#### [Work order]
Write out exactly, please, every line from the beginning of the entries to the line holding "The Leland skirt", and no pictures.

#### [Records for processing]
┌──
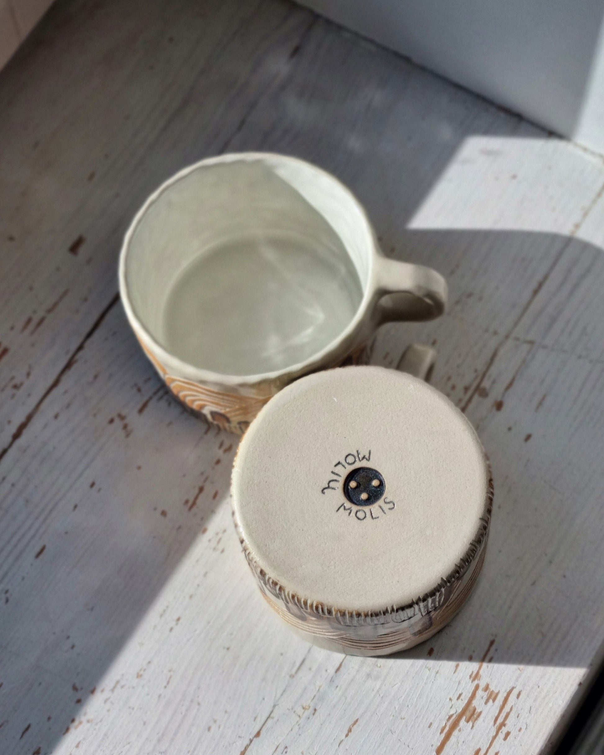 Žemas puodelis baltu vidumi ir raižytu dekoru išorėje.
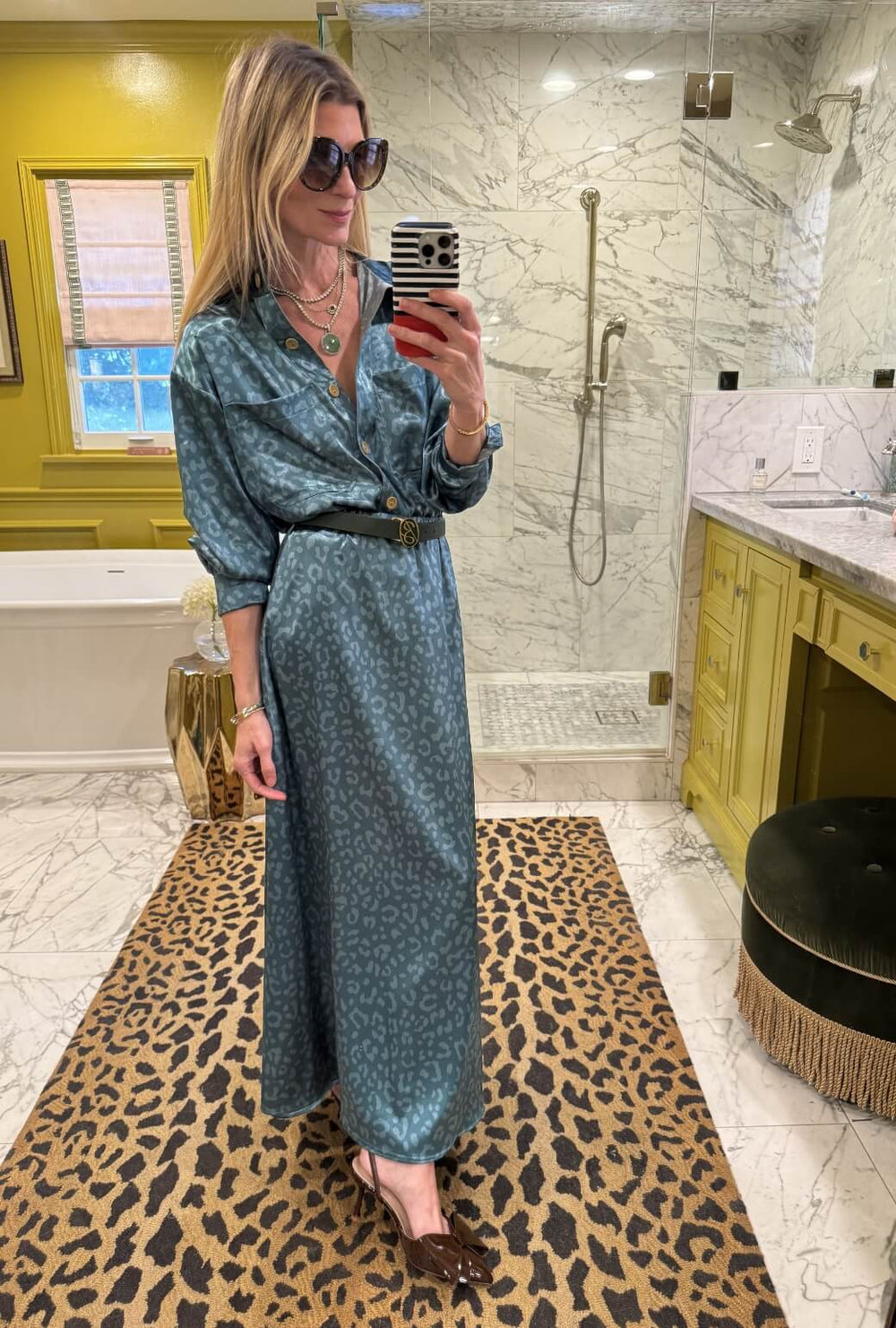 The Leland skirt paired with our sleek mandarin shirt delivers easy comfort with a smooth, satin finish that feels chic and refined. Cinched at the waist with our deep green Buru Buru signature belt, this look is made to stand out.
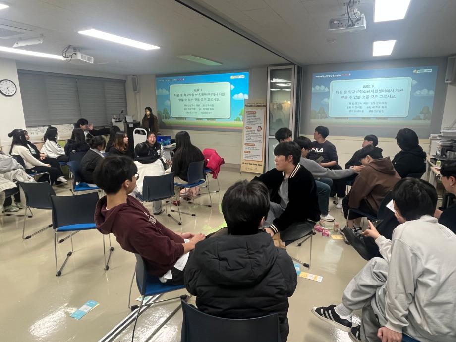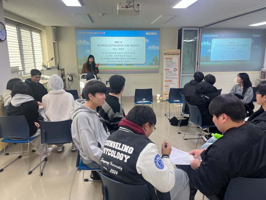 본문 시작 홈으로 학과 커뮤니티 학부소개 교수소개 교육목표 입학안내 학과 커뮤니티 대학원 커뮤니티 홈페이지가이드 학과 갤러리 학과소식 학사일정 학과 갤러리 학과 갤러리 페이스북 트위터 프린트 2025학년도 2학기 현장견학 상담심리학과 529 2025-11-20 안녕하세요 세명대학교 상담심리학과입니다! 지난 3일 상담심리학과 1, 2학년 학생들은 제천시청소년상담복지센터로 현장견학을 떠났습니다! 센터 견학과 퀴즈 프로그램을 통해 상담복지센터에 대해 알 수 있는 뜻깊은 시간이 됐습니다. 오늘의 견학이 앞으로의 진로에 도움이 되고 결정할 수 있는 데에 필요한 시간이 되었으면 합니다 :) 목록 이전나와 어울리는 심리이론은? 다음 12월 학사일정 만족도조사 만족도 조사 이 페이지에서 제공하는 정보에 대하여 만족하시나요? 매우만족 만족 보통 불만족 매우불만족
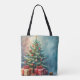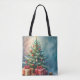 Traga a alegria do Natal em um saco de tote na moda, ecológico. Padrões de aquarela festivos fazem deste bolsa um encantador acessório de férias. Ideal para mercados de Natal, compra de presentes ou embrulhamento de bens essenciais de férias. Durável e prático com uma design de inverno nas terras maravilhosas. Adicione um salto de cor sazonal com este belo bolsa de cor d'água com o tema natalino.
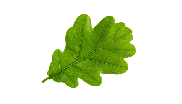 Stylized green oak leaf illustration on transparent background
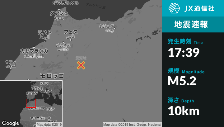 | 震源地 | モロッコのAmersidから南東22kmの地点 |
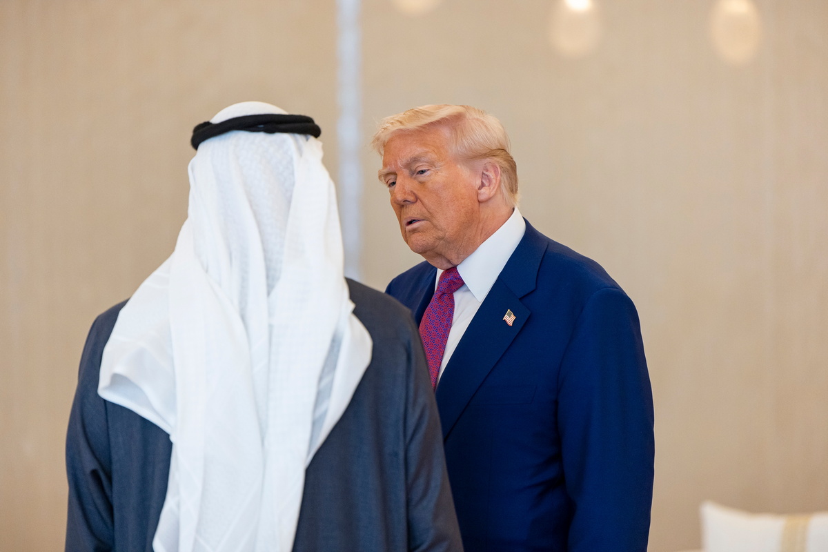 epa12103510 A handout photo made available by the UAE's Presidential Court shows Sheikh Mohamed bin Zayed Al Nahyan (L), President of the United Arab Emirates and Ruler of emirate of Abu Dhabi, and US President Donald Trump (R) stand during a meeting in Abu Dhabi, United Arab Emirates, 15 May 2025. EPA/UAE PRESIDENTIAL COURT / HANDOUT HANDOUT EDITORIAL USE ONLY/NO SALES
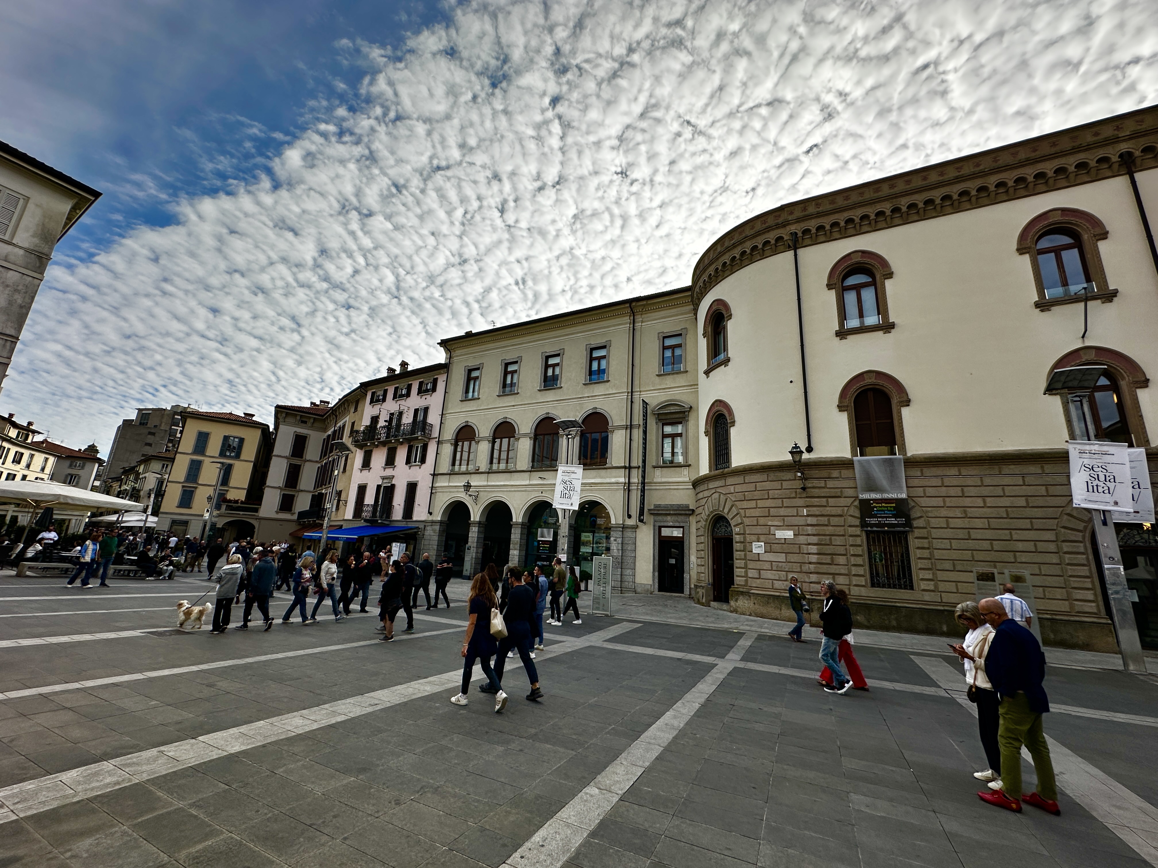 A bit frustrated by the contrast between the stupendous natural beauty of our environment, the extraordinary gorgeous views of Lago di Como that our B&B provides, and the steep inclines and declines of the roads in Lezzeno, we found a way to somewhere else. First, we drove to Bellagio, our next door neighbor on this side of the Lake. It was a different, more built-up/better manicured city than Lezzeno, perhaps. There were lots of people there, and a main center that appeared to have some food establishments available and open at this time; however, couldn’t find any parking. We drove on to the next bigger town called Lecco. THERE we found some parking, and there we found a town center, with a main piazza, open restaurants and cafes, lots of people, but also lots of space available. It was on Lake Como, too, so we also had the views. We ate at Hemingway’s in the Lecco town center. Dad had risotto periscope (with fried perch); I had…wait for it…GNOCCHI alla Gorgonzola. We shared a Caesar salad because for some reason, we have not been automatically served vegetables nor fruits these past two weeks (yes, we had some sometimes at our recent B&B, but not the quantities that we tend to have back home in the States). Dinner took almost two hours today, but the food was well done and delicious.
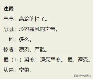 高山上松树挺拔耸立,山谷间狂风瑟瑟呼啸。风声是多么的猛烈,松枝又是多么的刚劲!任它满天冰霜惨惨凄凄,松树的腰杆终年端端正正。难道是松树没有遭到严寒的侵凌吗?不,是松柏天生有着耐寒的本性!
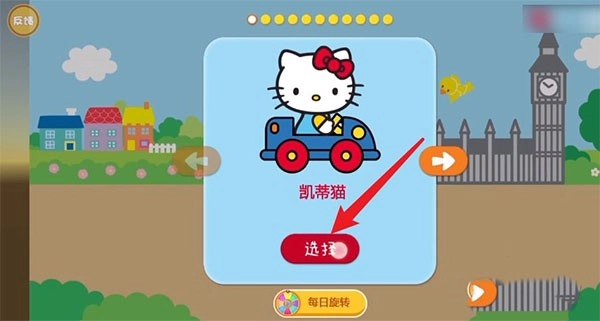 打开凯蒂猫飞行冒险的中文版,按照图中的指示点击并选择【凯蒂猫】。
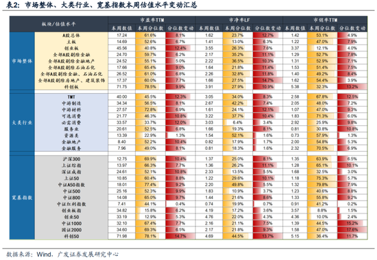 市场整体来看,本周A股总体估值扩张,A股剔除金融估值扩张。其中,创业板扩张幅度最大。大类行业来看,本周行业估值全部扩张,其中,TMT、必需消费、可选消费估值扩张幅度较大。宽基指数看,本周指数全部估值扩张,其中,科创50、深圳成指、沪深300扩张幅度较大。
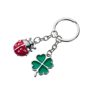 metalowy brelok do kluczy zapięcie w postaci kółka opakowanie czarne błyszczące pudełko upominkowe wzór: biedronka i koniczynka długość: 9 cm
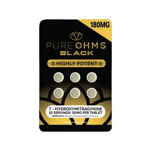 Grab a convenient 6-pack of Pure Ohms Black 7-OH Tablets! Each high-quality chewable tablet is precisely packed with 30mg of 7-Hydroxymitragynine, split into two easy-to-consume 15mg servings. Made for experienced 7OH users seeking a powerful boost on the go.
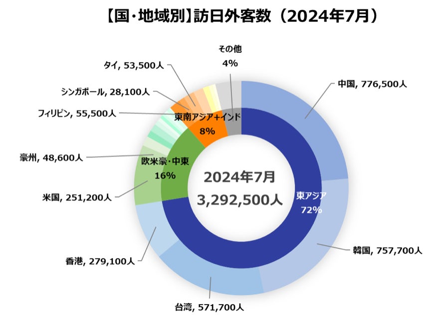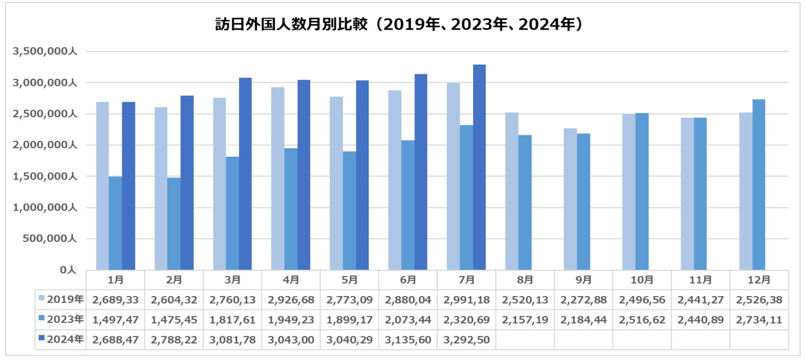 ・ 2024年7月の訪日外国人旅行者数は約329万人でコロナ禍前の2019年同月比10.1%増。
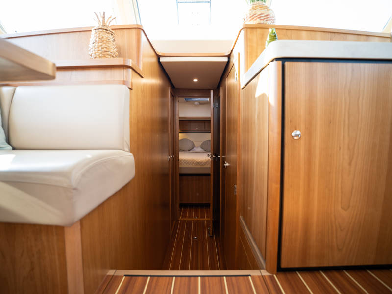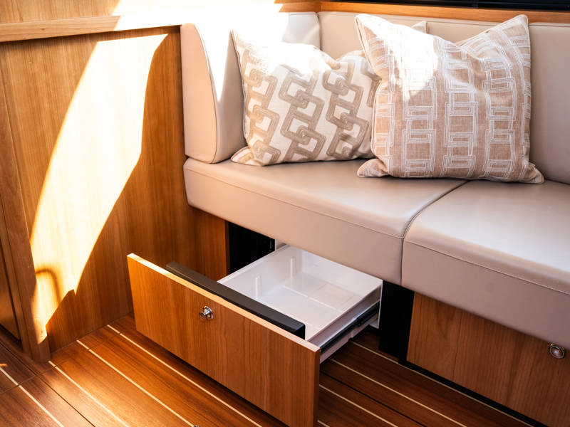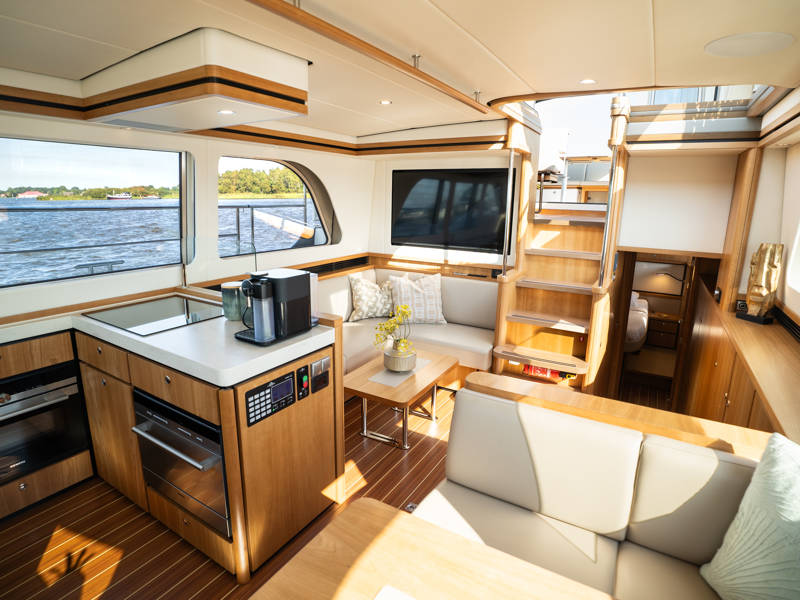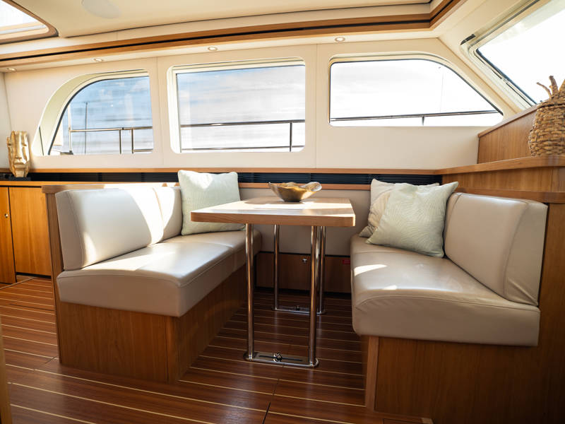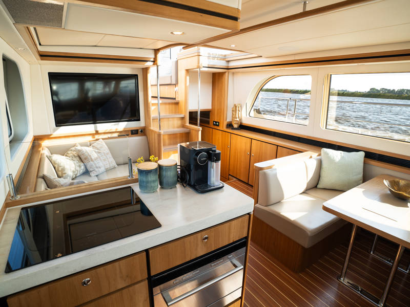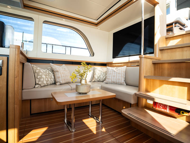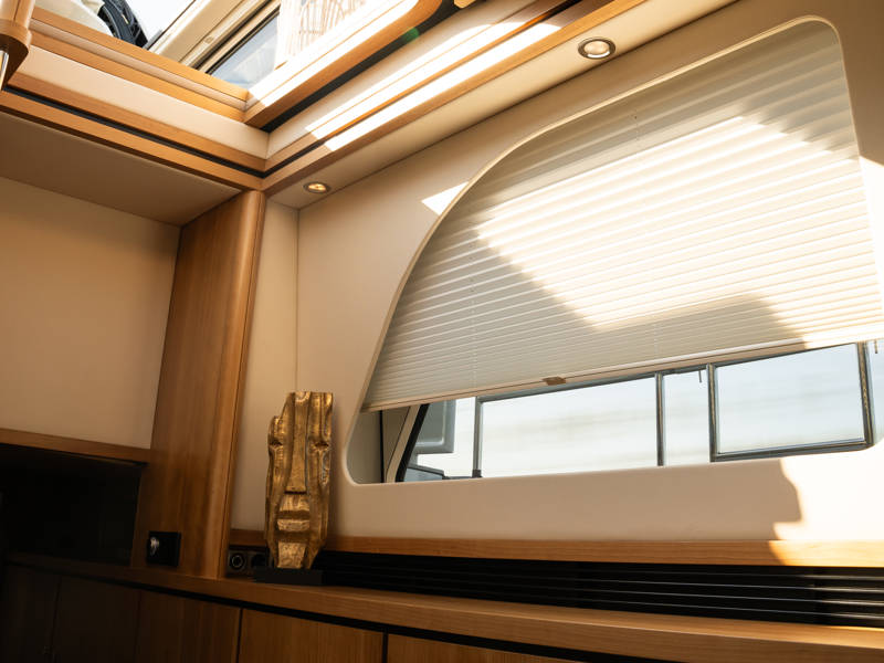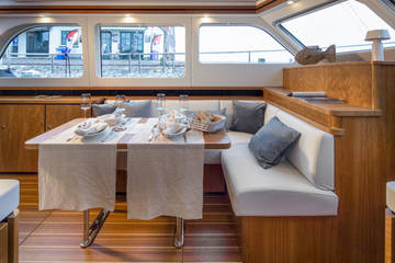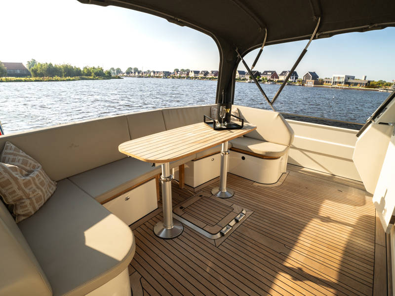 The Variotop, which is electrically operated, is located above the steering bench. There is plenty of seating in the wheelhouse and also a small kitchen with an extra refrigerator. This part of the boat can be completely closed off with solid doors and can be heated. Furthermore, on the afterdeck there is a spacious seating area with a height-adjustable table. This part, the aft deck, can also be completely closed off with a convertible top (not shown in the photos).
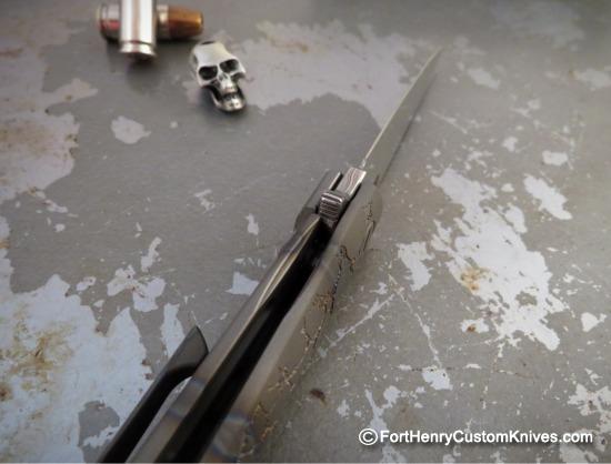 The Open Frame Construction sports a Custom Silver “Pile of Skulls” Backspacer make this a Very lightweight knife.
└──
#### [Expected answer]
 Žemas puodelis baltu vidumi ir raižytu dekoru išorėje.
 The Leland skirt paired with our sleek mandarin shirt delivers easy comfort with a smooth, satin finish that feels chic and refined. Cinched at the waist with our deep green Buru Buru signature belt, this look is made to stand out.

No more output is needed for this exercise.